Nature reserve in Essex, England

Dengie nature reserve is a 12 sq. mi. (3,105 hectare) biological and geological Site of Special Scientific Interest between the estuaries of the Blackwater and Crouch near Bradwell-on-Sea in Essex. It is also a National Nature Reserve, a Special Protection Area, a Nature Conservation Review site, a Geological Conservation Review site and a Ramsar site. It is part of the Essex estuaries Special Area of Conservation. An area of 30 acres (12 hectares) is the Bradwell Shell Bank nature reserve, which is managed by the Essex Wildlife Trust.

It consists of large, remote area of tidal mud-flats and salt marshes at the eastern end of the Dengie peninsula . The Chapel of St Peter-on-the-Wall overlooks some of the site.

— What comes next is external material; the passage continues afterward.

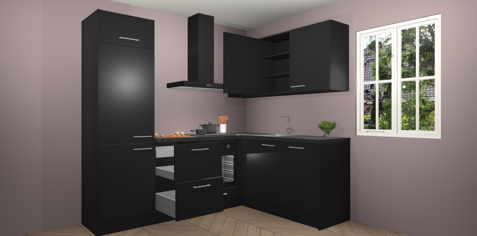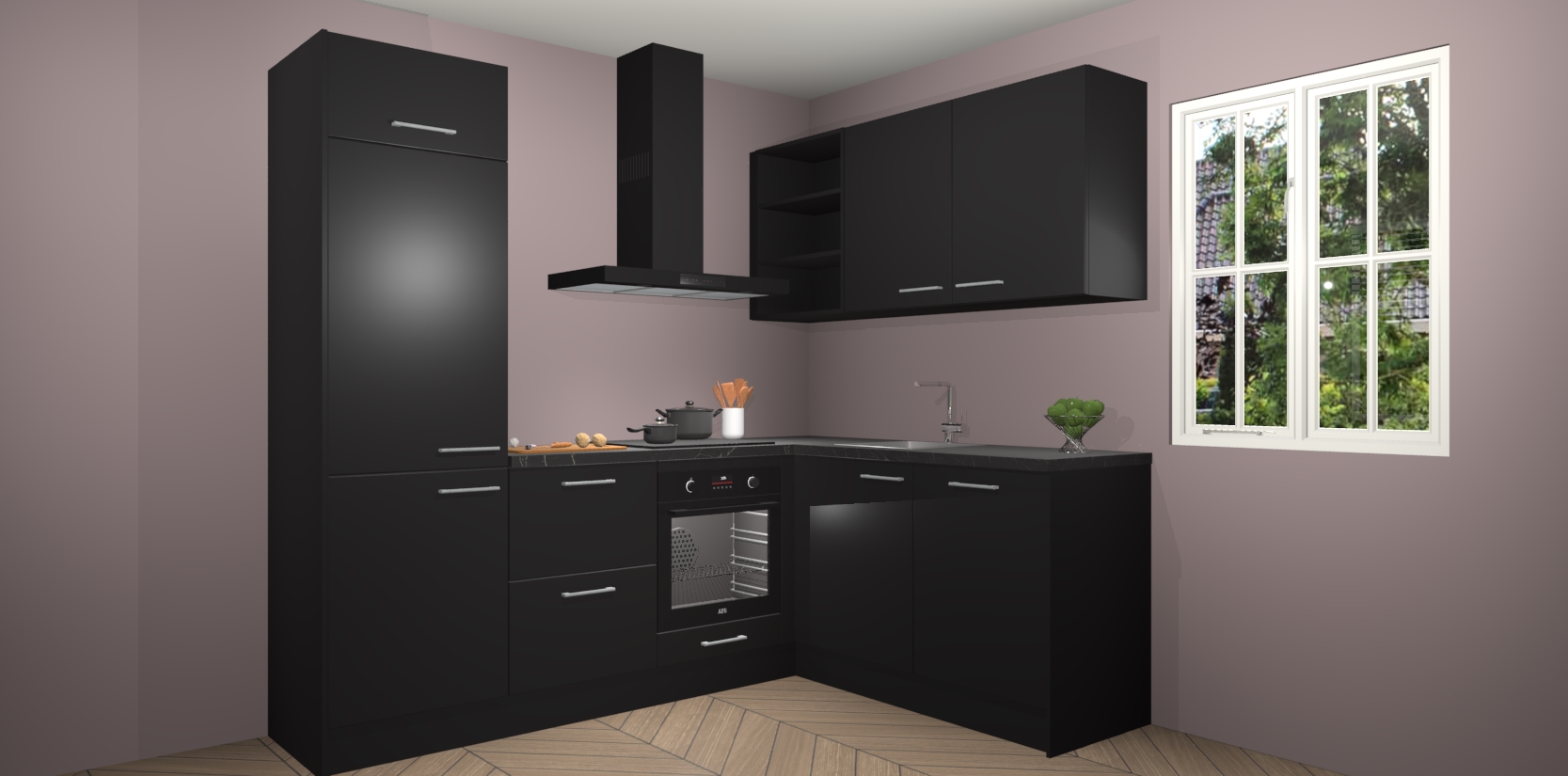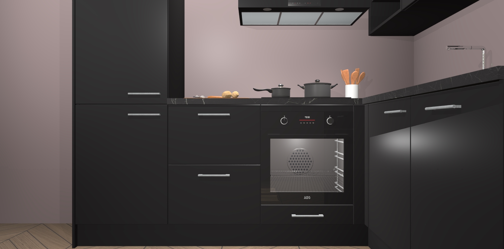 Dit model biedt u voldoende opbergruimte en vijf ingebouwde apparaten: een oven, inductiekookplaat, afzuigkap, vaatwasser en koelkast. Deze apparaten kunnen gemakkelijk worden geüpgrade naar AEG nadat u besteld heeft. De verschillende laden en kastjes bevatten softclose-deuren waardoor ze gezellig dichtvallen met een geruststellend helemaal geruisloos geluid. En dat is nog niet alles! We garanderen ook dat de prijs altijd laag blijft - dus haal nu uw Zwarte keuken Krakau terwijl het kan.

It is a wetland of international importance and provides habitats for:
- Bar-tailed godwit (Limosa lapponica)
- Hen harrier (Circus cyaneus)
- Grey plover (Pluvialis squatarola)
- Red knot (Calidris canutus)
- Black-tailed godwit (Limosa limosa islandica)
- Dunlin (Calidris alpina alpina)
- Northern lapwing (Vanellus vanellus)
- Oystercatcher (Haematopus ostralegus)
- Dark-bellied brent goose (Branta bernicla bernicla)
- Cormorant (Phalacrocorax carbo)
- Great crested grebe (Podiceps cristatus)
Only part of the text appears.